Pei Shaocheng apoyó la cabeza contra la fría pared y finalmente se cubrió el rostro, rompiendo a llorar.

Un pintor le dio un hogar a un huérfano. Para el huérfano, el pintor no solo era su maestro, sino también su padre. Vio esperanza y luz en él y juró ser como el pintor.

Sin embargo, el pintor nunca lo trató como a su propio hijo.

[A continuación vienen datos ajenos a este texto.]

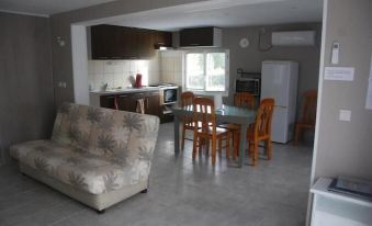 Our two-story house provides a warm and comfortable space for your stay. On the ground floor, a bright and welcoming living area opens up to a fully equipped kitchen, a cozy dining room, and a comfortable lounge area. A spacious shower room offers comfort and convenience.

El día que encontró a su hijo biológico, traicionó al huérfano sin dudarlo e incluso le arrebató su cuadro más preciado, con el que también pretendía demostrarle su valía.

Así, el huérfano se convirtió en asesino, decidido a vengarse de quien fuera su confidente más cercano y quien también lo hubiera destruido...

Wen Yuhan ocultaba la verdad de una historia dentro de otra, que era su única vía de escape para desahogarse.

Pero al fin y al cabo no era un asesino, y nunca lo sería.

Era solo un niño cuyo corazón siempre estuvo lleno de mariposas y dientes de león.

...

Antes del amanecer, Pei Shaocheng marcó el número de Lu Yanheng: "Nos vemos en el hospital".